Another memory—far older—resurfaced.  
A space station. A white corridor. And a shout.  
"KEEEEN! Get over here, he went this way!"  
Twelve-year-old Matt sprinted down the curved hallway of Artemis-4, clutching a cereal box in his arms. Behind him, Ken—hair a complete mess—was following like an inverted rocket, meaning zigzagging and complaining.  
"Why is it always me who has to do the dirty work?!"  
"Because you’re the smallest, and Sébastien refuses to get his hands dirty!" Matt shot back, the confident grin of a self-declared team leader on his face.  
"I heard that!" Sébastien yelled from the observation room, adjusting his glasses. He was fiddling with a tablet displaying thermal scans. "The rodent is in conduit 4-B. Just ate through a pack of protein bars."  

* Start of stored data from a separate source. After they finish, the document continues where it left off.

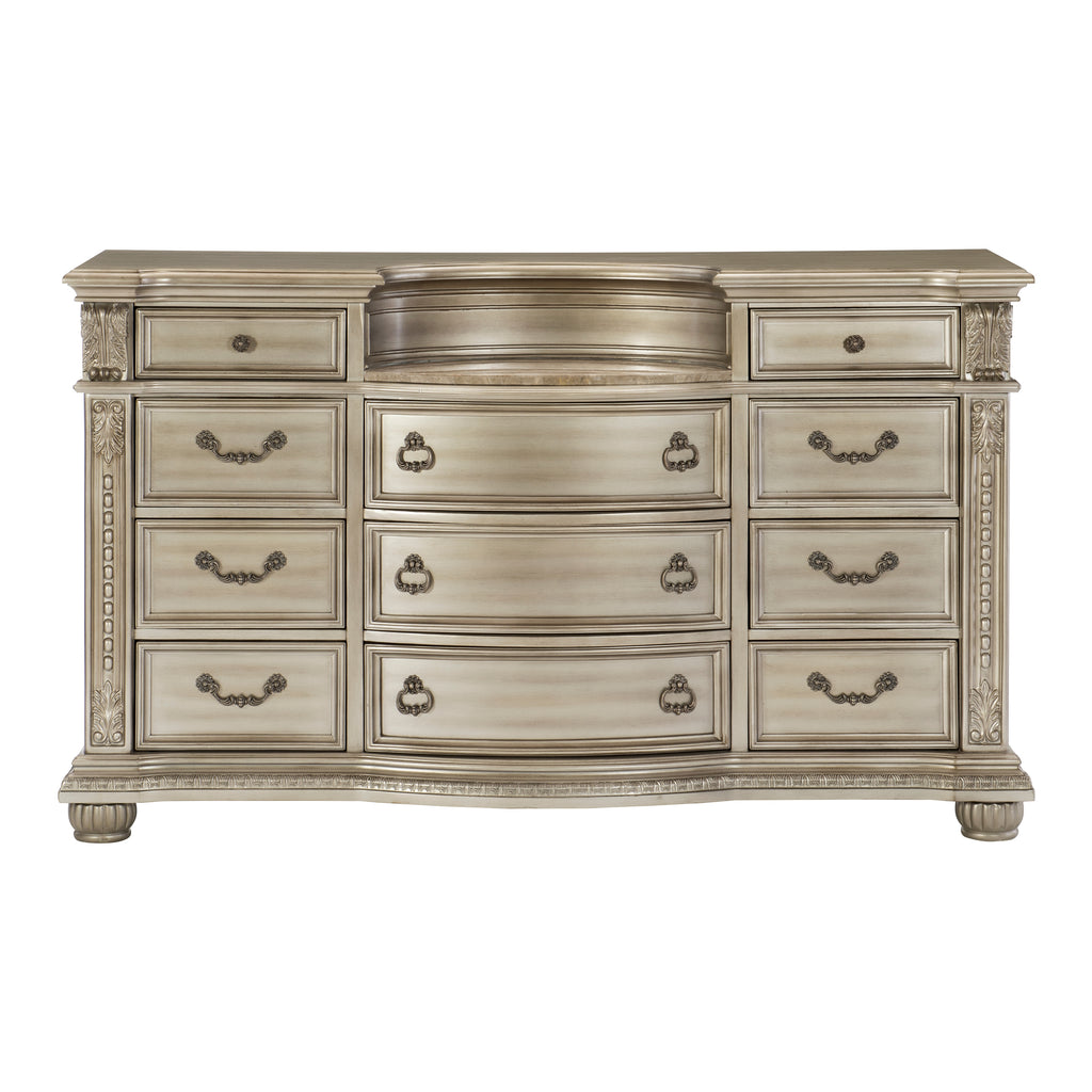 The Cavalier Collection exemplifies the finest in Old World European design inspiration. Egg and dart base moldings, bead molding, acanthus leaf carvings, and genuine marble inset top all blend to achieve an elegant addition for your traditional bedroom. The dresser’s beautiful details are accented by the silver finish on birch veneer.
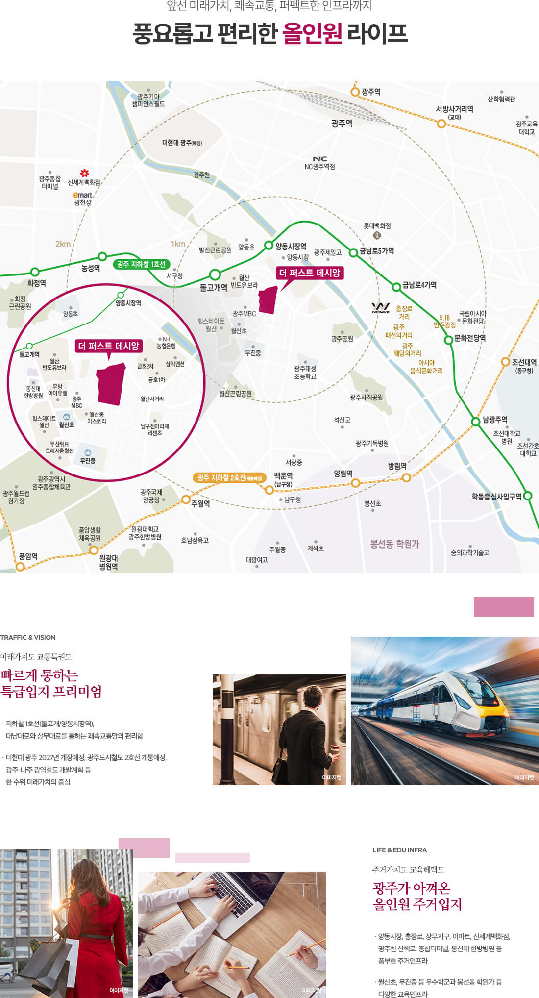 또한 신세계백화점, 롯데백화점, 이마트 같은 대형 쇼핑시설과 양동시장, 충장로 상권이 가까워 생활의 편리함이 탁월합니다.
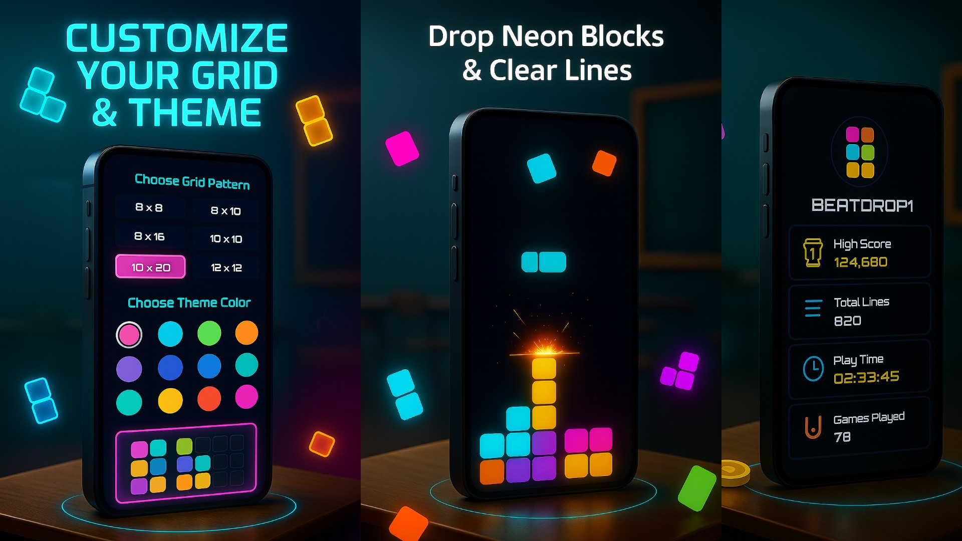 BEATDROPS is a modern, rhythm-infused block blast puzzle game that reimagines the classic block-clearing experience with a vibrant neon aesthetic and an emphasis on timing, combo chains, and progression. Its unique Rhythm BEATDROP Mode ties successful moves to the game’s energizing soundtrack, creating a high-score chase that demands both strategy and musical synchronization.
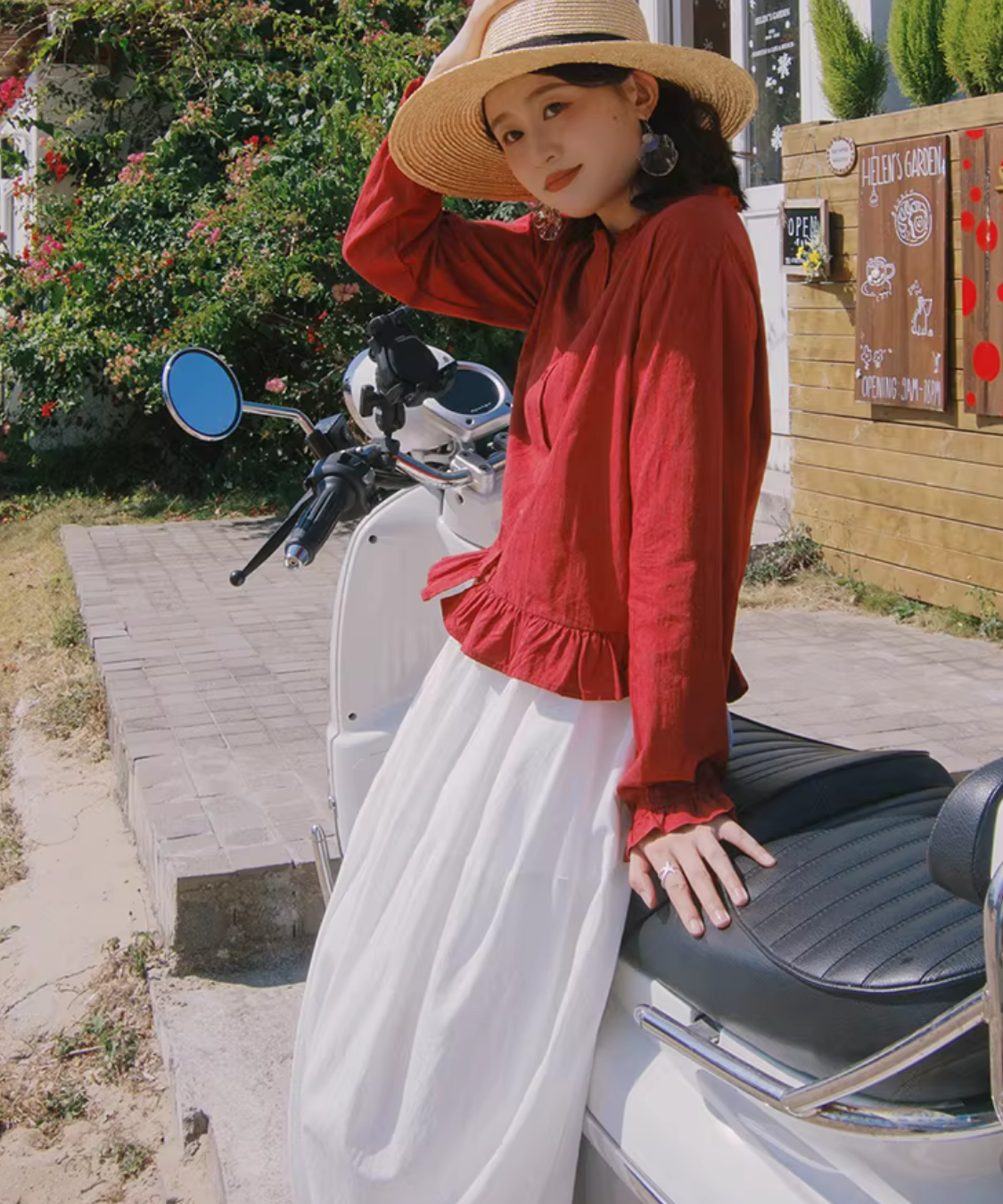 ノーカラーのすっきり感に、裾フリルで可愛さを添えたブラウスです。
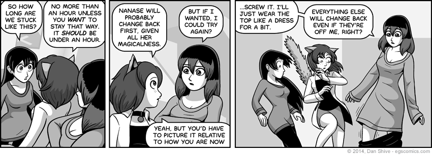 This was originally going to be Wednesday's comic, but hey, I think it works well as a Friday comic. Well, Monday's does, too, but still. Really, the concept of suspensful "Friday" comics is somewhat lost on EGS:NP given that there's always at least one non-update day between updates anyway.
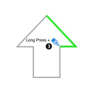やり直すには、画面を二本指でタップします。そして、水平の線を描くには、画面のどこかを長押ししながら頂点をタップすると線が水平になります。

"Shouldn’t we tell an adult?" Isabella asked as she approached calmly. Even at their age, she was taller than most, speaking with the composure of a miniature adult.  
"Are you crazy? They’ll eject him straight into space!" Ken protested. "It’s a rat, not a terrorist!"  
Matt stopped, set the cereal box down, and nodded.  
"He may be small… but he made it past the airlock, survived quarantine, and has been sneaking around unnoticed. That rat is a survivor."  
Isabella crossed her arms.  
"You want us to adopt a stowaway?"  
"I want us to protect him."  
They named him Turbo.  
Small, gray, with a chewed-up ear and a black mark on his back shaped like a rocket. He ran fast, climbed everywhere, and had an affinity for nesting in Sébastien’s socks.  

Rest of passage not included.